++++ LISTED ENTRIES

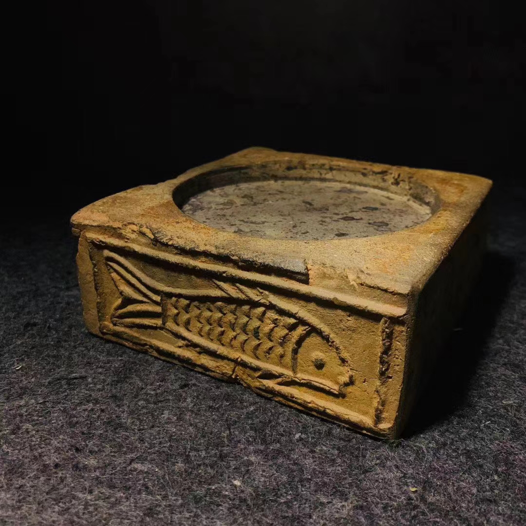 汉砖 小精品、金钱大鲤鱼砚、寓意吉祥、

++++++++
++++ LISTED ENTRIES

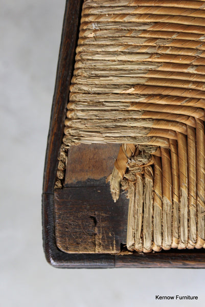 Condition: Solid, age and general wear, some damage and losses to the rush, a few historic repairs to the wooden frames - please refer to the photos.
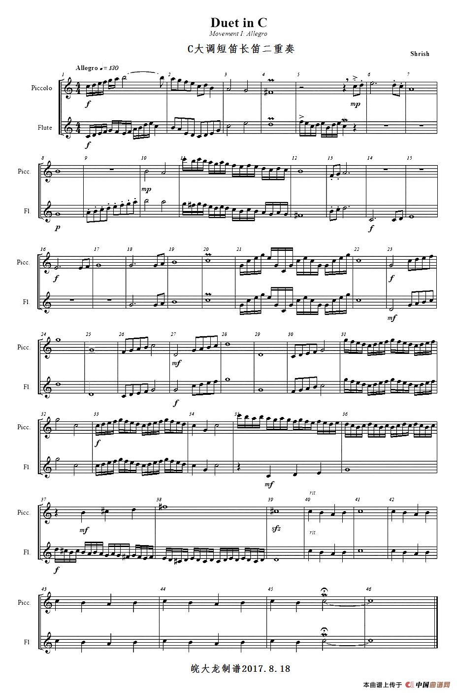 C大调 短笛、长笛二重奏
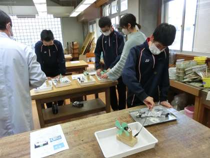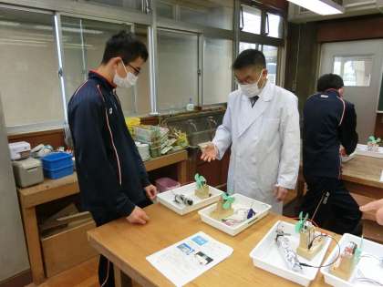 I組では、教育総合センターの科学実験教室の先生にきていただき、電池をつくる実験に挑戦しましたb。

++++++++
++++ LISTED ENTRIES

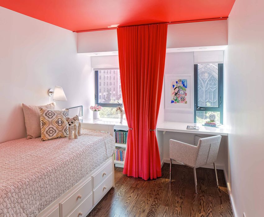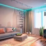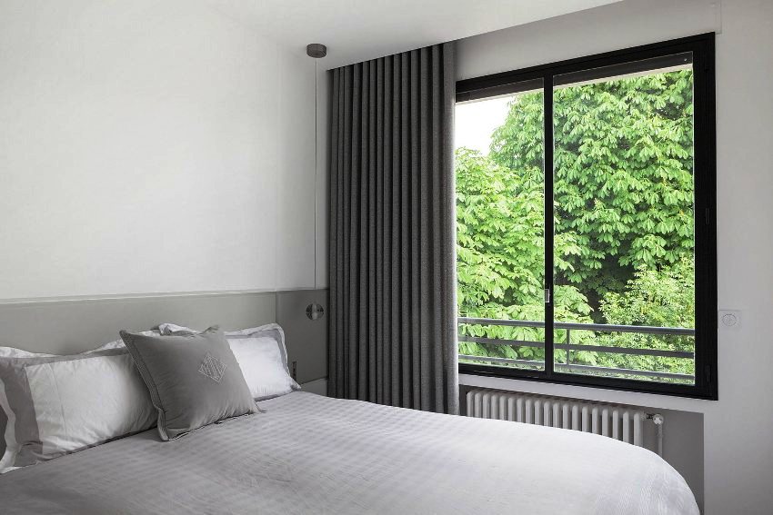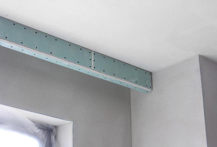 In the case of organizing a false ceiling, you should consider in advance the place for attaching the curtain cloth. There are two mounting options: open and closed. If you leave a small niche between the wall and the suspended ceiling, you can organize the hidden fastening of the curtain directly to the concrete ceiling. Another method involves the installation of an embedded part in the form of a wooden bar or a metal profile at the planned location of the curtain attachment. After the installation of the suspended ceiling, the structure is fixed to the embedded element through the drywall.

++++++++

INSTRUCTIONS TO FOLLOW: In the listing above, find the line with "C大调 短笛、长笛二重奏" and the line with "I組では、教育総合センターの". Set down exactly those lines and everything between them, skipping pictures.

SOLUTION TO THIS TASK:
 C大调 短笛、长笛二重奏
 I組では、教育総合センターの科学実験教室の先生にきていただき、電池をつくる実験に挑戦しましたb。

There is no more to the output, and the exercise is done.